Entries provided:
- - - - - - -

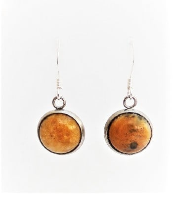 The gemstone used in these earrings crazy lace agate cabochon that have been inserted into the silver plated tray. They are a lovely shade of ochre yellow. The ear hooks are silver plated flattened shepherd style.
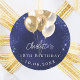 Un arrière - plan bleu marine avec d'élégants faux étincelles et des ballons d'or. La couleur bleue est inégale. Personnalisez et ajoutez un nom et un âge. Lettres blanches.
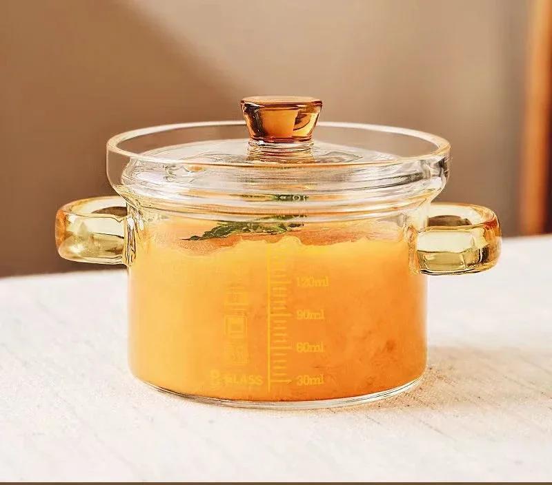 Стеклянная кастрюля для тушения, прозрачная кастрюля для супа, кастрюля для лапши, термостойкая, для микроволновки, для разогрева в огне, кастрюля с двумя ручками, кухонные принадлежности для приготовления пищи
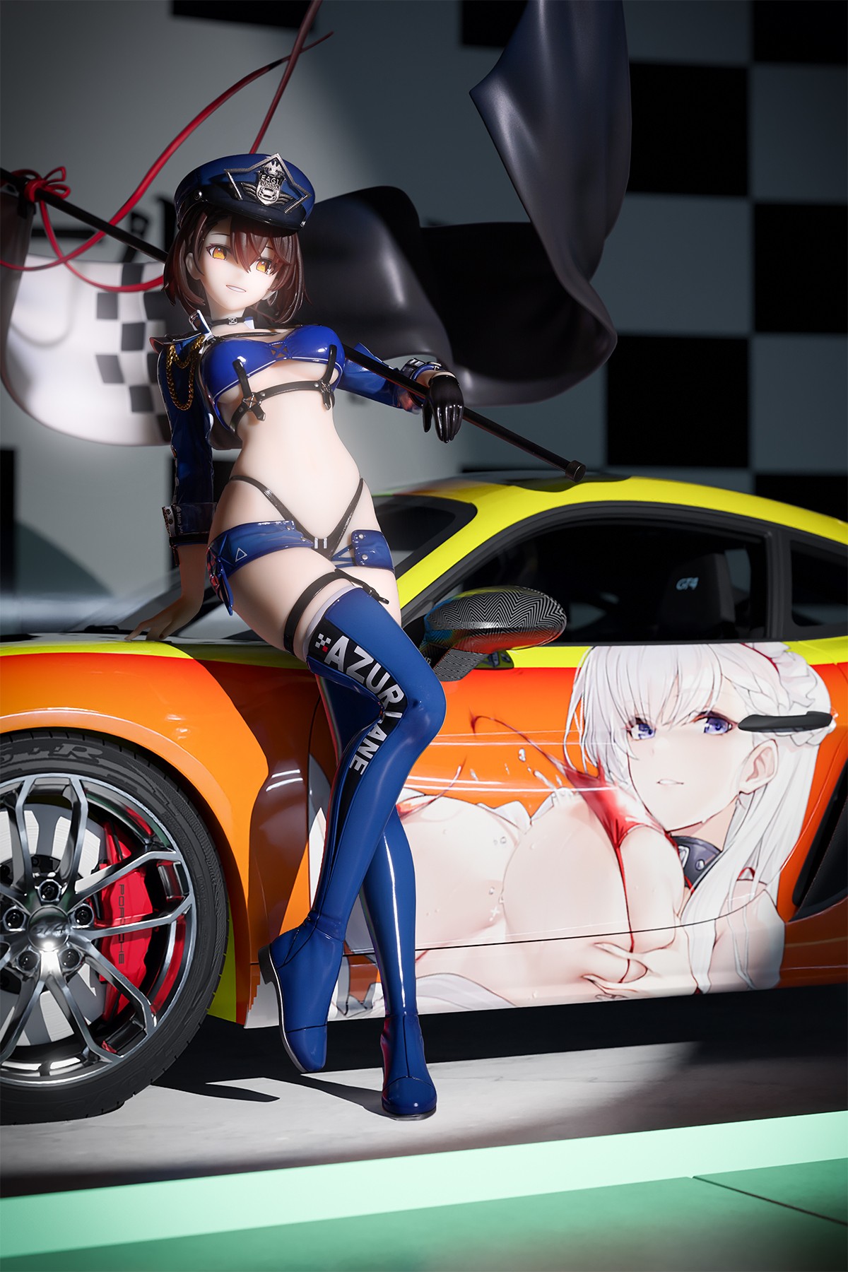 离APEX巴尔的摩出荷已有一年半时间,当时就想着给配台车出片,不过1/7的车不好找,想过弄台RC模型KM1/7雪铁龙C3WRC,但RC模型外观精细度不太够,且WRC车型也不太配这款手办,所以不予采纳。随时间推移,APEX赛车女郎已积累到三款,辗转多时,仍无法找到合适的车,导致每天晚上都因此事无法入眠,又或是梦中总给老婆(们)跪搓衣板磕头道歉而惊醒,长此以往精神萎靡不振。事情转机出现在上月,因为彼时虚实结合拍摄喜多川海梦效果还算能接受,萌生给老婆(们)配台赛博保时捷出片的想法,吹牛逼到此为止,下面是最终效果图,用的是聚光灯
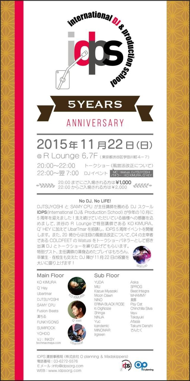DJTSUYOSHIとSAMY CPUが主任講師を務めるDJスクールIDPS(International DJ& Production School)が今年の10月に5周年を迎えました!

- - - - - - -

Work to be completed: The required output is an exact copy of the lines from the start of the material above through the line containing "离APEX巴尔的摩出荷已有一", inclusive, with no pictures in it.

Solution below:
 The gemstone used in these earrings crazy lace agate cabochon that have been inserted into the silver plated tray. They are a lovely shade of ochre yellow. The ear hooks are silver plated flattened shepherd style.
 Un arrière - plan bleu marine avec d'élégants faux étincelles et des ballons d'or. La couleur bleue est inégale. Personnalisez et ajoutez un nom et un âge. Lettres blanches.
 Стеклянная кастрюля для тушения, прозрачная кастрюля для супа, кастрюля для лапши, термостойкая, для микроволновки, для разогрева в огне, кастрюля с двумя ручками, кухонные принадлежности для приготовления пищи
 离APEX巴尔的摩出荷已有一年半时间,当时就想着给配台车出片,不过1/7的车不好找,想过弄台RC模型KM1/7雪铁龙C3WRC,但RC模型外观精细度不太够,且WRC车型也不太配这款手办,所以不予采纳。随时间推移,APEX赛车女郎已积累到三款,辗转多时,仍无法找到合适的车,导致每天晚上都因此事无法入眠,又或是梦中总给老婆(们)跪搓衣板磕头道歉而惊醒,长此以往精神萎靡不振。事情转机出现在上月,因为彼时虚实结合拍摄喜多川海梦效果还算能接受,萌生给老婆(们)配台赛博保时捷出片的想法,吹牛逼到此为止,下面是最终效果图,用的是聚光灯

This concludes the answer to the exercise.